[WHAT THIS TASK INVOLVES] Only the lines from the one holding "AmCham Cambodia is" through the end of the material are to be repeated, exactly and without pictures.

________________

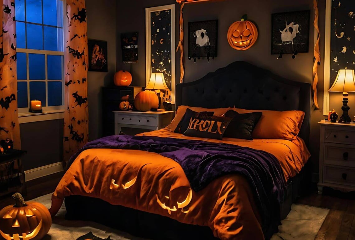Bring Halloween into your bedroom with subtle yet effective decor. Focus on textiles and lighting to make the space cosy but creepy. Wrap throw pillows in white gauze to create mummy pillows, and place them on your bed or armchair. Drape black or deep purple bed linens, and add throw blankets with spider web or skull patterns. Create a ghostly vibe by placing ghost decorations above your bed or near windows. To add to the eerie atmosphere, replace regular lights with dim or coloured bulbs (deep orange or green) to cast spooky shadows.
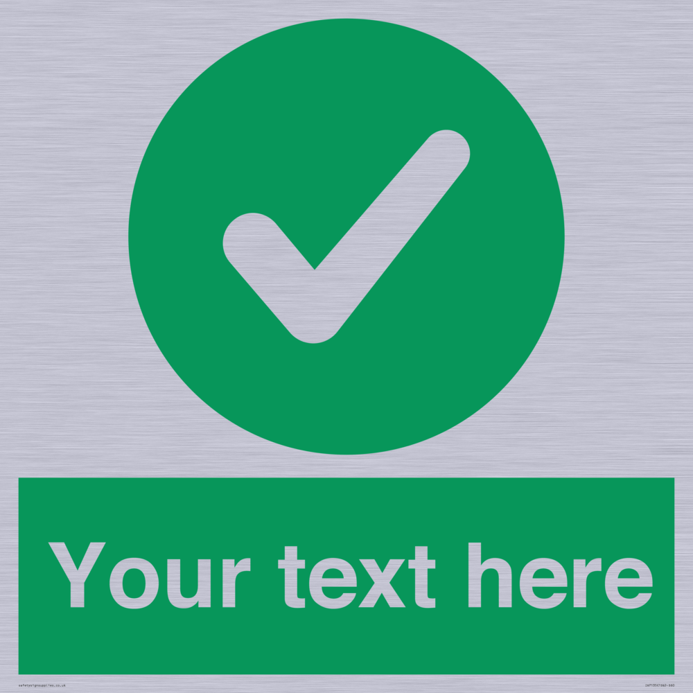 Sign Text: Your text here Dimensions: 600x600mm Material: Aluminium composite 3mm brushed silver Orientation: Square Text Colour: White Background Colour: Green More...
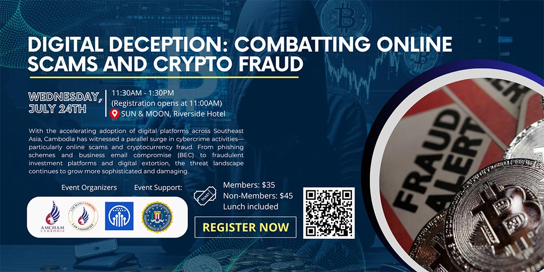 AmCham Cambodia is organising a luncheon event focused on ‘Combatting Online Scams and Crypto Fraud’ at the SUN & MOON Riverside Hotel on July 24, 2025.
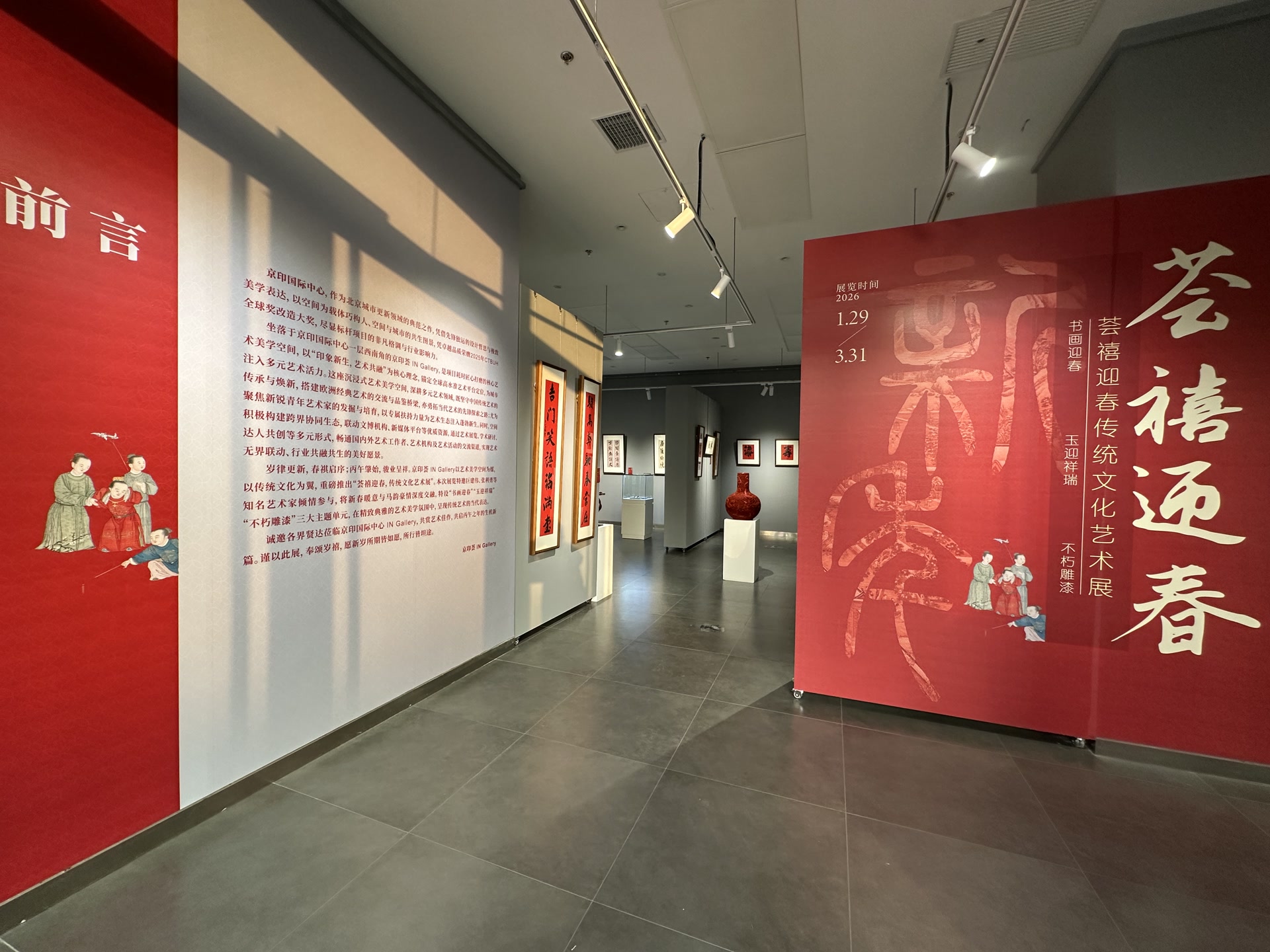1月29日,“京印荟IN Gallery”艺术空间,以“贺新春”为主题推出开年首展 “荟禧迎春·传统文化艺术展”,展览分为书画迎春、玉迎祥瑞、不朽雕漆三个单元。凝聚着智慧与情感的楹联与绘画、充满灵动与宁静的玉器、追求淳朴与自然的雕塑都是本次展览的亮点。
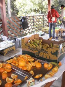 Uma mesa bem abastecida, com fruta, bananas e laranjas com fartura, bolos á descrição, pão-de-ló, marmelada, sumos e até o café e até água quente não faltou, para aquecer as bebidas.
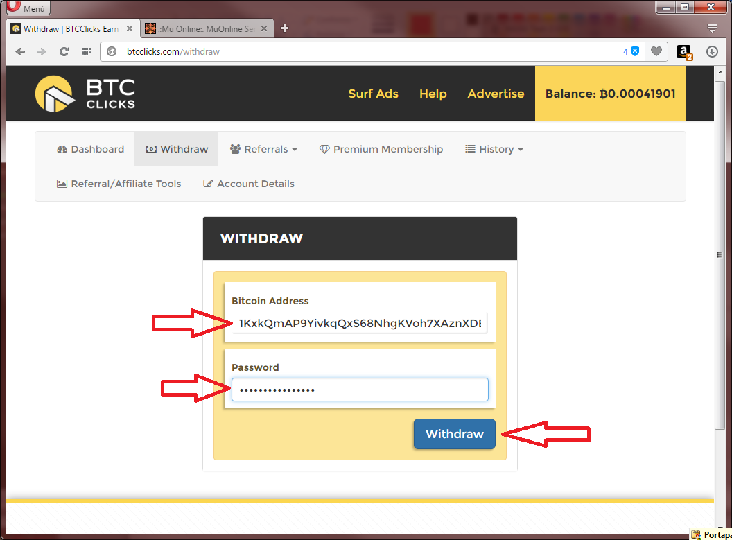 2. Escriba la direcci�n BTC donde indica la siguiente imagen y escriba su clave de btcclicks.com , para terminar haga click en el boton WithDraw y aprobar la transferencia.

________________

[SOLUTION FOR THIS PROBLEM]
 AmCham Cambodia is organising a luncheon event focused on ‘Combatting Online Scams and Crypto Fraud’ at the SUN & MOON Riverside Hotel on July 24, 2025.
1月29日,“京印荟IN Gallery”艺术空间,以“贺新春”为主题推出开年首展 “荟禧迎春·传统文化艺术展”,展览分为书画迎春、玉迎祥瑞、不朽雕漆三个单元。凝聚着智慧与情感的楹联与绘画、充满灵动与宁静的玉器、追求淳朴与自然的雕塑都是本次展览的亮点。
 Uma mesa bem abastecida, com fruta, bananas e laranjas com fartura, bolos á descrição, pão-de-ló, marmelada, sumos e até o café e até água quente não faltou, para aquecer as bebidas.
 2. Escriba la direcci�n BTC donde indica la siguiente imagen y escriba su clave de btcclicks.com , para terminar haga click en el boton WithDraw y aprobar la transferencia.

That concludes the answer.